Gringofts icon indicating copy to clipboard operation
Gringofts copied to clipboard

how to improve high-availability when waitTillLeaderIsReadyOrStepDown

Open jackjoesh opened this issue 3 years ago • 10 comments

If the leader needs to be really ready, it needs to apply all business data successfully after the election. During this period of time, the leader cannot actually provide services. In Gringofts, the method waitTillLeaderIsReadyOrStepDown will be waiting. If a lot of data needs to be applied, it will wait for a long time. Does Gringofts have some high-availability solutions that can minimize the time when services are unavailable? Thank you.

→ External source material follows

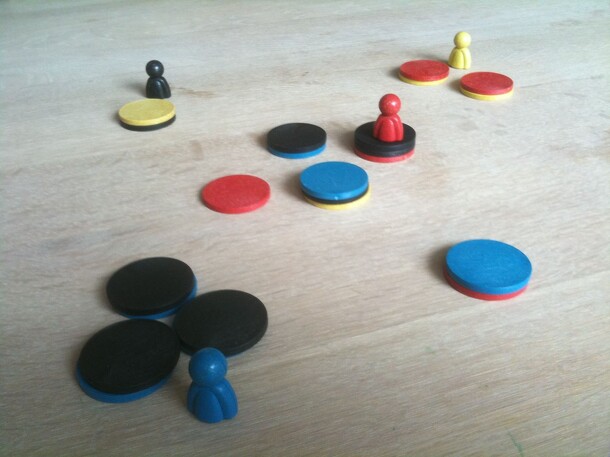 Stacktics is a game where the aim is for players to create 4 stacks of 2 tokens that match their unique reference stack. This is done by building and manipulating stacks of tokens in the centre of the table. In turn players can draw a token from the draw bag to add to the central stacks, or perform a single manipulation, or place their blocking piece to...

jackjoesh avatar Apr 01 '22 15:04 jackjoesh

Hi thanks for your interests. This step wait for two things, one is leader on stage and the second is applying the the lasted log.

  • The first one is very quick if Raft cluster is health.
  • For the second one,
    • if the instance is just startup, it might take time to recovery state from rocksdb and apply rest logs to the latest state.
    • If it is from follower to leader, we have a little trick. We have two single-thread loop, one is CPL for command processing which decodes command to event, then commits events to raft layer. Other is EAL for event applying, which applies events from raft log entry (committed) to maintain a latest state. For leader it has both two, and followers only have EAL. When a follower becomes a new leader it can directly use the EAL built state machine as its latest state. So the switch is also fast.

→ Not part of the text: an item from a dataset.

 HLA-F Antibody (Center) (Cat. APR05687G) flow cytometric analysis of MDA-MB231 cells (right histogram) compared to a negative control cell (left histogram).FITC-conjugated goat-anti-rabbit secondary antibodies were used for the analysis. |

huyumars avatar Apr 01 '22 16:04 huyumars

Hi thanks for your interests. This step wait for two things, one is leader on stage and the second is applying the the lasted log.

  • The first one is very quick if Raft cluster is health.

  • For the second one,

    • if the instance is just startup, it might take time to recovery state from rocksdb and apply rest logs to the latest state.
    • If it is from follower to leader, we have a little trick. We have two single-thread loop, one is CPL for command processing which decodes command to event, then commits events to raft layer. Other is EAL for event applying, which applies events from raft log entry (committed) to maintain a latest state. For leader it has both two, and followers only have EAL. When a follower becomes a new leader it can directly use the EAL built state machine as its latest state. So the switch is also fast.

Thank you for your quickly apply. Yes, I'm talking about the second one. If we restartup the follower instance for release, and at this time, there happened to be a problem with the leader, and the currently restarted follower became the leader by voting. But this new leader may take a long time to load state from rocksdb snapshot apply rest logs to the latest state. In this situation, what should we do?

jackjoesh avatar Apr 02 '22 02:04 jackjoesh

Our state machine takes advantage of rocksdb. EAL only write rocksdb, and CPL read from memory cache and same shared rockdb. You can image rocksdb state is the latested commited state, which also is the EAL state. And CPL state is the rocksdb state + uncommited command state in memory. So when follower becomes to new leader, The swap processing of EAL and CPL is like CPL start to write data in memory on the base of lasted commited state in rocksdb, and EAL still write to the same rocksdb. So both of some are latest. And the recover is super fast

huyumars avatar Apr 02 '22 09:04 huyumars

Our state machine takes advantage of rocksdb. EAL only write rocksdb, and CPL read from memory cache and same shared rockdb. You can image rocksdb state is the latested commited state, which also is the EAL state. And CPL state is the rocksdb state + uncommited command state in memory. So when follower becomes to new leader, The swap processing of EAL and CPL is like CPL start to write data in memory on the base of lasted commited state in rocksdb, and EAL still write to the same rocksdb. So both of some are latest. And the recover is super fast

Thank you, I get your design point. Because we want to store idempotent and original request datas (one update may store N fund items) in rocksdb, so data is very large. I think very large data will affect the frequency of snapshots, resulting in a very large amount of data that needs to be applied on apply events. Finally, when follower to leader, the apply of EAL will also be very slow. Do your actual business store idempotent and original request data in EAL rocksdb? how to solve this problem, thank you!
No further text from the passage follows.